The two go hand in hand, he indicated. Signs of burnout can result in lack of compassion or a physician feeling disengaged from work. Advice to prevent this tends to revolve around physicians and caregivers being more mindful and resilient, two ubiquitous words in any walk of life these days. The premise is that doctors need to take care of themselves if they are to take care of patients.

Here is where simulations gadgets could perhaps help take caregivers out of their complacency or burnout.

Yet, Wallace indicated that empathy won't grow merely by the use of a device. It would have to become part of the larger dialogue between doctor and patient. It would join the narrative that unfolds over the course of medical care. It's a narrative that's intricate, with many potential pitfalls, cancelled appointments, unanswered questions, perhaps a lack of understanding.

How, then, would Klick's device fit within the course of this physician-patient relationship? How would the simulation alter that relationship? Will it matter that different physicians will inevitably have different reactions to the device?

Klick plans to clinically test the tremor device's effectiveness by surveying 200 or so doctors, Fossat said, to determine if the physicians' empathy changed after using the device. This will be measured through a series of standardized questions on patient care. The study is expected to be completed by year's end.

When I tried the device, Fossat first spritzed my arm with water. This helps to conduct the electrical pulses. Then he strapped the electrodes around the forearm. They are connected to a small device sending the pulses.

After a quick, blip-like sensation, the pulses kicked in.
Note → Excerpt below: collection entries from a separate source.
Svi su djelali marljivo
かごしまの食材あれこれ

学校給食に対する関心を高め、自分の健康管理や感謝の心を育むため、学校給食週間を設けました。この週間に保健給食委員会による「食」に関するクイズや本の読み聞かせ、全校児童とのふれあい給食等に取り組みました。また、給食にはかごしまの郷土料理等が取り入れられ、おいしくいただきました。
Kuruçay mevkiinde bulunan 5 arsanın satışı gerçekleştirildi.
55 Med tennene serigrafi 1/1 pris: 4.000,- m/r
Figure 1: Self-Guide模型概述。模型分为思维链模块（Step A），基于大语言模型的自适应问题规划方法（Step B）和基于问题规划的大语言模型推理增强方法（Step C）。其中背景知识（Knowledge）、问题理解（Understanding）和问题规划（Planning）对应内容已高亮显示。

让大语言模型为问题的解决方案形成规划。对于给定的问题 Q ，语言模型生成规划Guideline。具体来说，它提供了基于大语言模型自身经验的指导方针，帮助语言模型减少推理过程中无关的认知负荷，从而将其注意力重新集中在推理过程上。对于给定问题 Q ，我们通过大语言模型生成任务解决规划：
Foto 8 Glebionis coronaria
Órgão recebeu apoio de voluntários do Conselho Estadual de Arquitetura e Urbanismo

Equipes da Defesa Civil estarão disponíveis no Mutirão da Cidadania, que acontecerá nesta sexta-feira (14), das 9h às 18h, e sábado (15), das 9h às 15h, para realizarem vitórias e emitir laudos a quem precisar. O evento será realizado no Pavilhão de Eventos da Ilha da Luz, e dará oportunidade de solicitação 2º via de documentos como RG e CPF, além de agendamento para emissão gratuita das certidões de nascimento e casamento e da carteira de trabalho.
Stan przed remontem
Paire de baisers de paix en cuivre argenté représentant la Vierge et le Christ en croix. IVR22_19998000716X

My hand twitched mildly, but unceasingly. After 10 minutes, the main sensation was simply fatigue. Fossat and a technician hinted that this was longer than most people try it and that I'll likely feel the ghost of a twitch for the rest of the day. I didn't though.
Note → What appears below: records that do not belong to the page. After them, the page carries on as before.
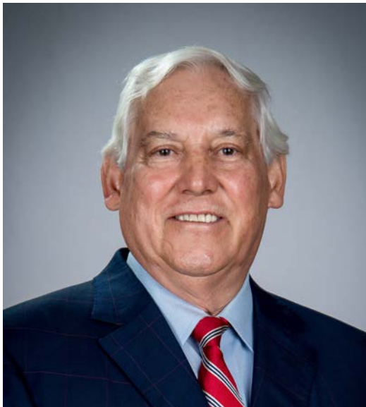
Dr. Víctor Manuel Villalobos Arámbula Secretario de Agricultura y Desarrollo Rural

El abasto de leche en las localidades rurales y de alta y muy alta marginación contribuye al mejoramiento nutricional de la población en condiciones de pobreza alimentaria en estas zonas y territorios. LICONSA S.A. de C.V., organismo sectorizado a la Secretaría de Agricultura y Desarrollo Rural, contribuye a este propósito estratégico.
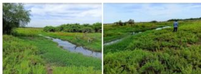
Figura 2: Primer punto de seguimiento al borde del manhole, fuera de los límites del SFFF Recorrido. Coordenadas 11°25'8.98"N 73° 4'10.48"O.

Nota: Se puede observar la corriente de agua que sale del manhole y se dirige hacia la laguna Navio Quebrado.
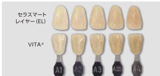
*VITAはVita Zahnfabrik H.Rauter GimbH & Co.KGの商標です。
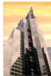
view up 034
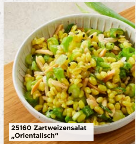
25160 Zartweizensalat „Orientalisch“
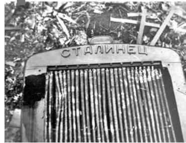
Передняя часть трактора-тягача образца 1950-х гг.

Я впервые ощутил, что такое история, я трогал ее руками! В то время о репрессиях и ГУЛАГе ничего не говорилось ни в СМИ, ни тем более в школе.
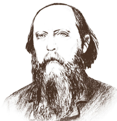
М.Е. Салтыков-Щедрин редактор газеты «Тверские ведомости» в 1860-х годах

«Тверские ведомости» много пишут про жизнь в районах области, поэтому сегодня их выписывают во всех муниципальных образованиях Верхневолжья. Приятная новость: подписка на 1-е полугодие 2015 года уже началась, цена на газету снижена.
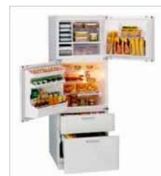
1988年に発売された両開きの冷蔵庫。当時は画期的で驚きでした。
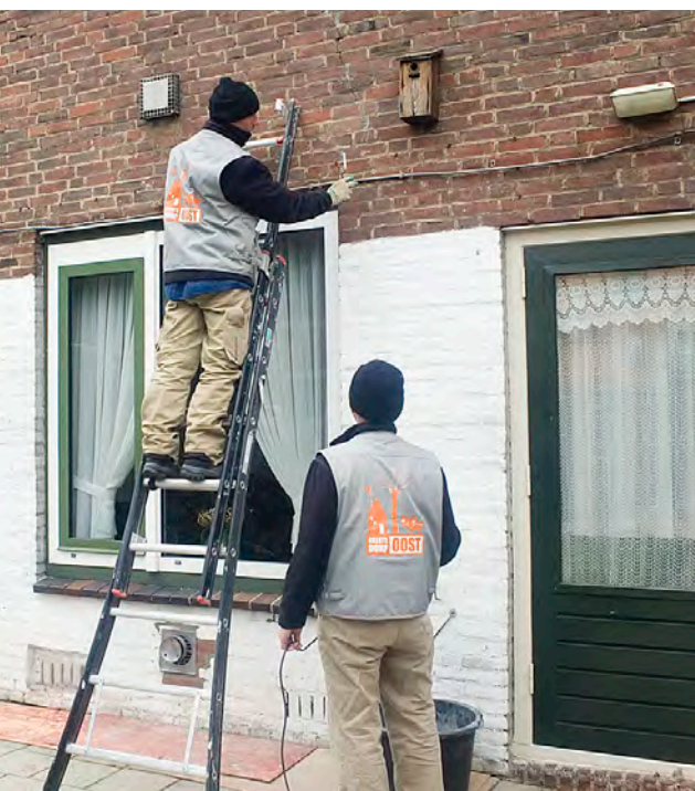
Vakmannen van Ballast Nedam, mét herkenbare bodywarmers.

I could write normally with the trembling hand. I could hold a small cup and drink from it. I also found myself doing what apparently many do, instinctively resting my hand on my leg to try to calm the sensation (which accomplished the opposite, since consciously trying to rest the muscles actually makes the twitching more pronounced). I asked to have the strength turned up, which Fossat did by spraying more conductive water and reapplying the device.
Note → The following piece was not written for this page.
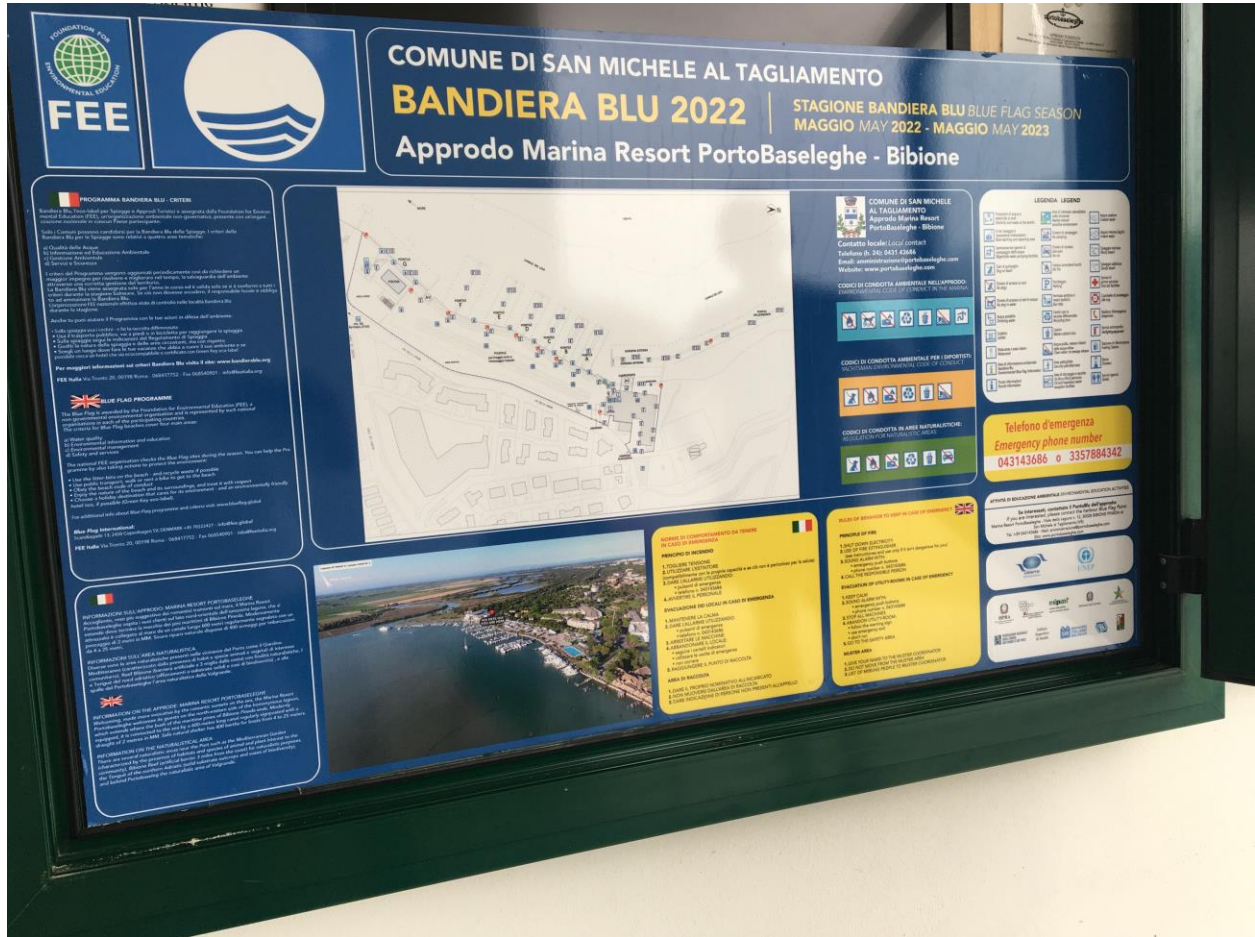
The Blue Flag information board

The sensation didn't change, but everything else did, including speaking and even just sitting. Everything felt more of a deliberate act. My overwhelming instinct was to slow everything down, to add more of a conscious balance in the rest of my body to the unconscious tremors.

Fossat noted this. Everyone reacts differently, he said.

The end effect was to be reminded how strong people are in facing disease, how strong a hindered human body is in still going about the day.

But there's a lot the device can't do. Parkinson's patients' muscles can become rigid, in a state of perpetual contraction, rather than assuming a normal resting state, so each tremor for them can be a further contraction on top of a contraction. The armband doesn't fully replicate this.

Nor can any brief demonstration, in an electronics and digital lab in the middle of a corporate office in downtown Toronto, come close to the physical and mental drain of the actual disease, seeing specialists, awaiting diagnosis, readjusting one's life to the sheer accident of illness.

But in some ways, the device isn't trying to do all of that. The idea is simply to give non-patients a feel for the physical tremors, not the panoply of emotions and sympathy surrounding them. And here is where Fossat, who comes from a background in science and medical technology, distinguishes empathy from sympathy.

"A lot of people who are sick receive sympathy. But empathy is much more technical," he said. "That doesn't mean there is no need for emotions, but [empathy] is more profound in the understanding of what a patient is going through. Out of that you can generate sympathy, but it starts with empathy.

"The old expression of walking in somebody else's shoes, that's empathy."